Multi-attention Recurrent Network for Human Communication Comprehension.

Human face-to-face communication is a complex multimodal signal. We use words (language modality), gestures (vision modality) and changes in tone (acoustic modality) to convey our intentions. Humans easily process and understand face-to-face communication, however, comprehending this form of communication remains a significant challenge for Artificial Intelligence (AI). AI must understand each modality and the interactions between them that shape the communication.
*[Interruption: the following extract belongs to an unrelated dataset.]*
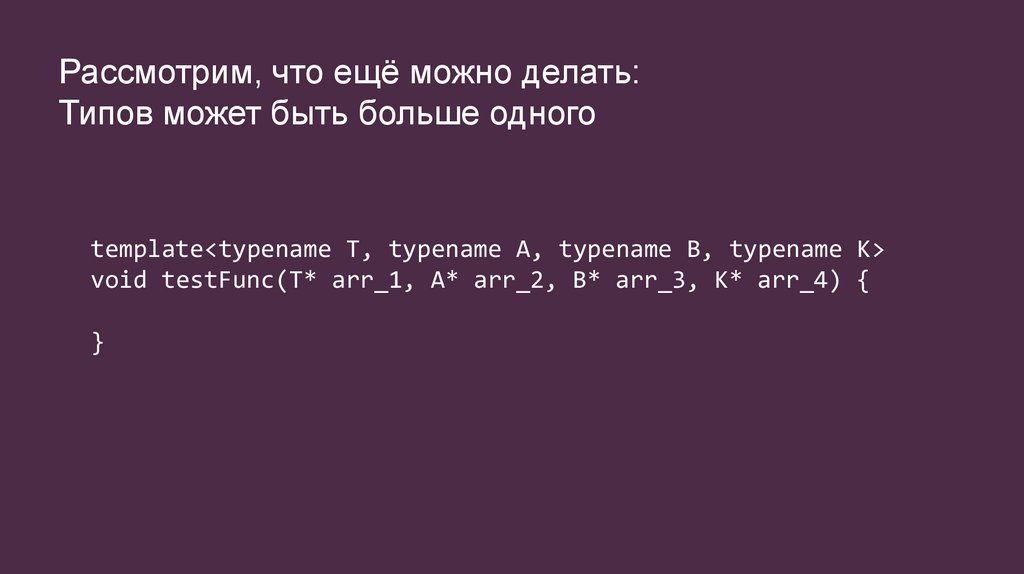 Рассмотрим, что ещё можно делать:Типов может быть больше одного

In this paper, we present a novel neural architecture for understanding human communication called the Multi-attention Recurrent Network (MARN). The main strength of our model comes from discovering interactions between modalities through time using a neural component called the Multi-attention Block (MAB) and storing them in the hybrid memory of a recurrent component called the Long-short Term Hybrid Memory (LSTHM). We perform extensive comparisons on six publicly available datasets for multimodal sentiment analysis, speaker trait recognition and emotion recognition. MARN shows state-of-the-art results performance in all the datasets.